Tuesday, July 12, 2016

#transformationTuesday: This is a long post

There's maybe a 20lb difference between these pictures. MAYBE. 

The real difference between the two is how happy I am now versus 2014.

In the 2014 picture, I was visiting my favorite person, in my favorite city, in my favorite country, but I was overwhelmed with anxiety, even though I thought I was managing it just fine, and I know I did not enjoy this trip as much as I should have. I absolutely was not managing fine at all.

The issue was that no technique for managing anxiety without medication worked for me but I didn't want medication, partially because I didn't have insurance to help cover the cost, but mostly because I knew I couldn't write when I was medicated.

That sounds weird right? I can't say it's true for everyone. I didn't even consider it a possibility until I read The Midnight Disease where the author discusses different neurological issues and how it affects writing, including medications.
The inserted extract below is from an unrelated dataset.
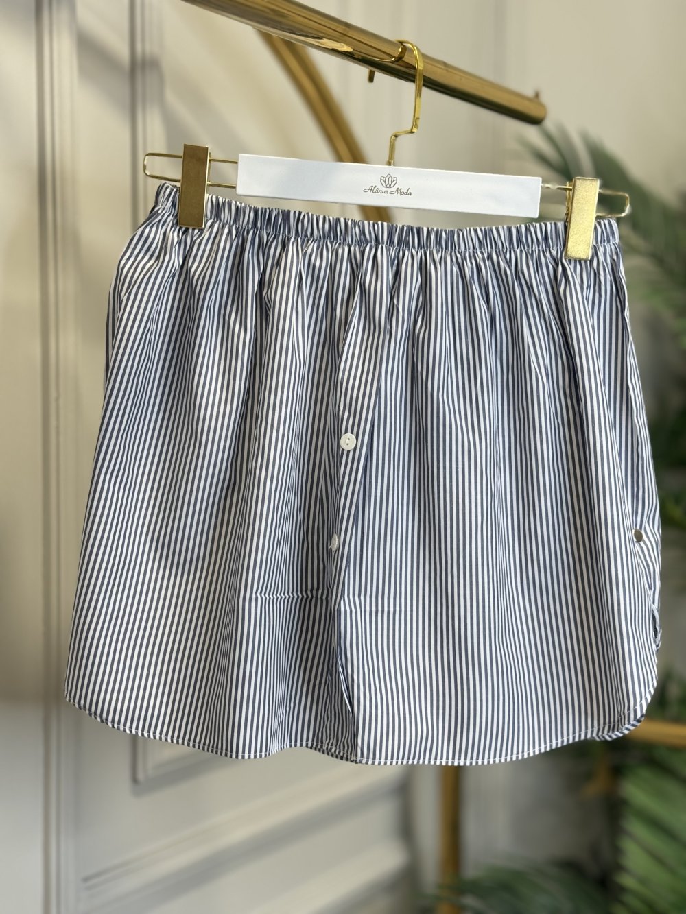 27013-1 Çizgili Önü Düğmeli Etek İçlik Mavi

Only then did I question how ssri's had affected my writing when I was on one.

From 2007 to 2009 I was on an ssri and doing pretty well. Although it didn't manage my anxiety 100%, it brought it down to a level where it wasn't suffocating or debilitating. Everyday life got easier but writing became more and more difficult. The words were there but I had extreme trouble getting it from my brain to the computer. This was a real issue in the 2007/08 as I was finishing up my BA in English and creative writing. But I didn't realize the medication was part of the issue then. I stayed on my meds because I wasn't going back to my old anxiety levels.
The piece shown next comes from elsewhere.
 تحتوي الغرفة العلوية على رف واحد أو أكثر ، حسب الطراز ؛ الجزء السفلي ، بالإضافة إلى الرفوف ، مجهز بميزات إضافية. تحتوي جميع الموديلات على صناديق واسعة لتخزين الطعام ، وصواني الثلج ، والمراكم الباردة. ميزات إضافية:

It wasn't until my health insurance ran out in 2009 that I stopped taking the meds. And I started writing again. I still didn't make the connection to my ssri. I thought I was writing because I was happy again. I had quit a job that made me miserable and suddenly I felt like I could breathe. I had all this freedom and all these stories to catch up on.

When I look back at it now, life kept getting smaller and smaller around me, like a shrinking black circle. At the time I reasoned it away. I blamed money, growing older, friends moving, and so and so forth. But after the 2014 trip, I realized it was none of those things. Instead, I had let anxiety swallow me up again and close off my life.
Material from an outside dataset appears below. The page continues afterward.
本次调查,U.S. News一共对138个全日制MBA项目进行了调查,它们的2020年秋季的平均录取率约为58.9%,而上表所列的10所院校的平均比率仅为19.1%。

A few months after my 2014 trip, when I got health insurance again, I went to a doctor, just a regular general practitioner, with two things on my mind: stopping my periods from lasting two to three weeks at a time and managing my anxiety without an ssri because by then I had read The Midnight Disease and I needed to balance my writing career with my mental health.

To be honest, insurance wasn't the real thing stopping me from going before, it was anxiety. Insurance was just a reasonable excuse that everyone else would accept. I'm terrified of doctor's visits. I don't know why. I don't know why I'm terrified of everything. I just know it's not normal to pray that you get hit by a bus on the way to the doctor's office because you would rather die in a bus accident than visit a doctor.

But I didn't get hit by a bus. Instead I went to the doctor and was prescribed Wellbutrin, Xanax, and a referral to a therapist. Wellbutrin was awesome, I was like over the moon happy and never terrified. I'd still be on Wellbutrin now, except it made me feel like my heart was going to explode through my rib cage. Wellbutrin gave me heart palpitations, so goodbye Wellbutrin.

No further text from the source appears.